Наш стокгольмский синдром проявлялся куда слабее, чем у старика. Но и мы со всем пылом заложнической души отождествляли себя со своими подвалами и со своими карпами патрикеевичами дёжкиными. Многие из нас до сих пор еще плачут по русским березкам, на сучьях которых болтаются старые и новые петли. До сих пор еще роняют ностальгические слюни в польские поля, тучные от пепла наших дедов. До сих пор тоскуют по площадям французских, немецких, испанских городов, где местные сукинсоны веками втаптывали нас в булыжную грязь, где взвивались кострами наши робкие синагоги.

Ощущал ли это Карп Коган? Думаю, да. Но осознавал ли? Скорее всего, нет — иначе не поразили бы его столь пронзительным откровением слова Арье Йосефа, брошенные мимоходом в случайном разговоре на ночном среднеазиатском аэродроме. Что не выражено в тексте, не описано, не переведено в слова, того не существует. Зато дай такой истине оформиться речью — и она уже не отпустит тебя. Вот уже почти год прошел, а Карп только и говорит что о заложниках. Любую тему туда сводит. Нелегко эти вещи даются… — но выздоравливать-то надо, никуда не денешься… Не все ж по подвалам мыкаться.

Трудно идти по жаре. Тропа сузилась; по обе ее стороны, вразнобой и в то же время вместе, как оперная массовка, встали оливковые деревья, по сезону пушистые и молодые. Вот уж кого не испугаешь зимним хамсином… Сейчас для них лучшее время: рыхлая почва еще держит влагу, люди не досаждают, а на песах, как всегда, запланирован внеплановый дождик. Еще два-три месяца блаженства — и накатит обжигающее лето, борьба за каждую каплю и безжалостные палки-стремянки сборщиков в перспективе.

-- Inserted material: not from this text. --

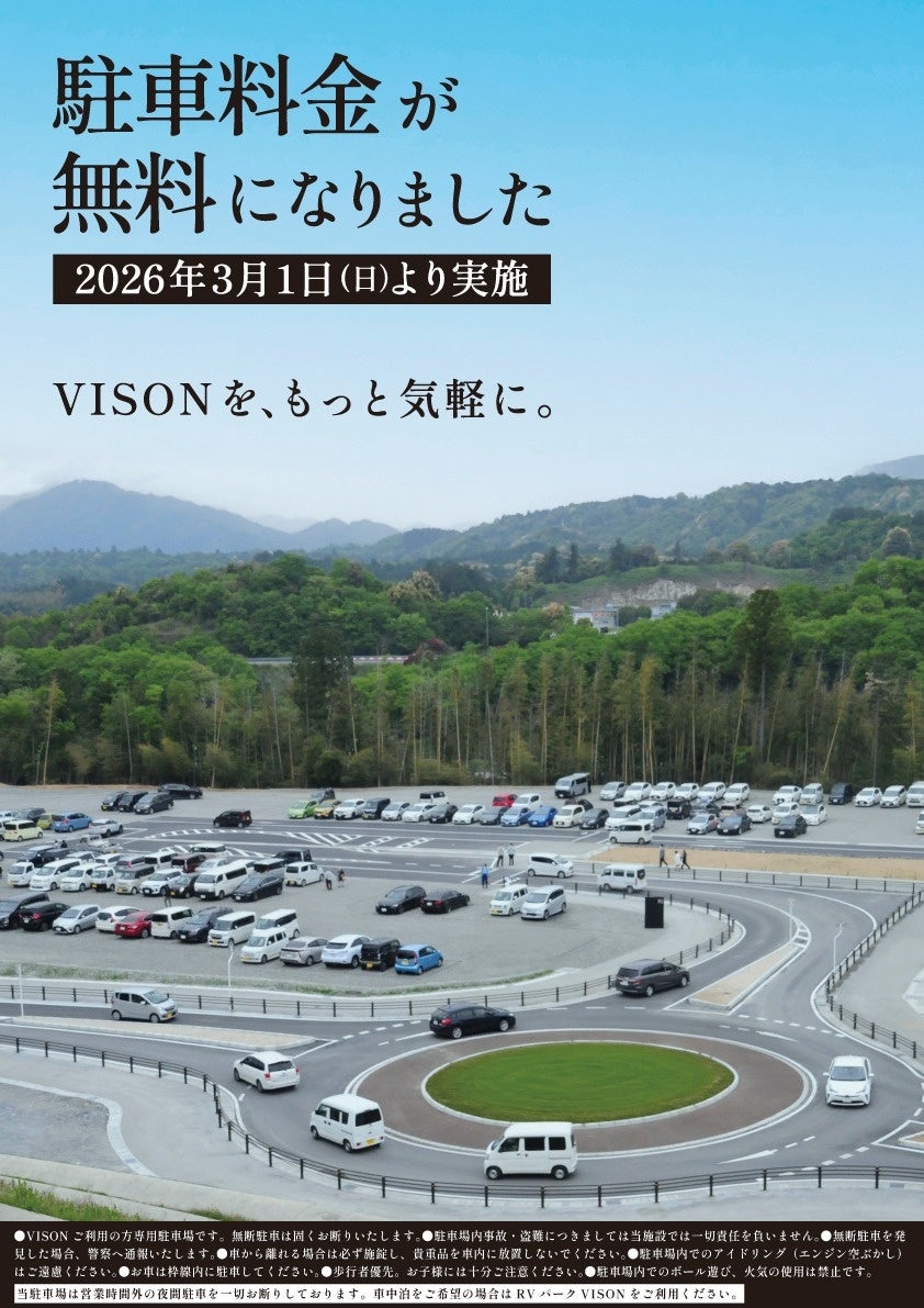 2026年3月1日(日)より、VISON施設内の駐車場を無料でご利用いただけるようになりました。

Оливы вдруг расступились, и я вышла на широкую каменистую площадку. Судя по всему, именно здесь бесстрашные борцы «За урожай» вступили в мужественную схватку с оккупантами, фашистами и их злобным клевретом — боксером Рокси. Все вокруг было загажено пустыми пластиковыми бутылками, обрывками газет, листовками и окурками. Деревья по краям поляны смотрели отчужденно и испуганно; на их вывернутых ветвях тут и там пестрели красно-бело-зелено-черные тряпки.

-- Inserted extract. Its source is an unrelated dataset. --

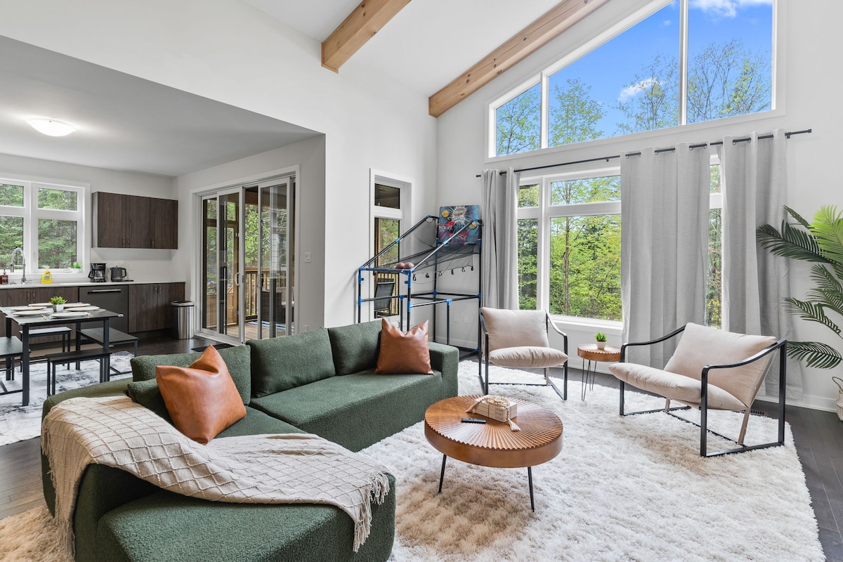 Évadez-vous dans notre cabane unique en forme de A, nichée parmi les arbres enneigés de Muskoka, près de Huntsville, en Ontario. Ralentissez, installez-vous confortablement et profitez de la beauté de l'hiver. Passez des soirées au coin du feu, détendez-vous sous les étoiles dans le jacuzzi ou partez à l'aventure : ski, raquettes, patinage et randonnée sont tous à proximité. Les incontournables - Bain à remous et cheminée - Raquettes à neige fournies - Vues imprenables sur la forêt enneigée - Pass gratuit pour les parcs de l'Ontario - 10 min à pied de la piste de ski et du lac 📷 Voir plus @door25stays pour des photos et de l'inspiration !

В довершение ко всему кто-то из демонстрантов выразил свое отношение к оккупации, вывалив накопившуюся ненависть на обгоревшие остатки израильского флага. Накопилось, надо сказать, много, и теперь окаменевшая куча высилась прямо посреди площадки, как памятный обелиск борьбе «За урожай». Если не ошибаюсь, фамилия главного заурожайника — Шапиро. Можно побиться об заклад, что, приезжая в Европу с отчетами, он стыдится своей фамилии не меньше, чем старик Коган. То ли дело — Хусейни или, на худой конец, Сукинсон…

Арье Йосеф проходил здесь за день до демонстрации. Тогда здесь было еще чисто — ни тряпок, ни обелиска… Может быть, он присел покурить вон там, на камне, в тени? Удобная каменная глыба под старой оливой так и приглашает на перекур. Не в этом ли месте нашли потом его окурок? Камень напоминал по форме табурет. Я села, достала сигарету и отломила фильтр. «Ноблесс» — тот еще горлодер… Интересно, что он курил в бытность Леонидом Йозефовичем? «Приму», не иначе. Я почему знаю: мой семидесятилетний сосед по заведению признает только «Приму» — родственники присылают откуда-то из Прибалтики.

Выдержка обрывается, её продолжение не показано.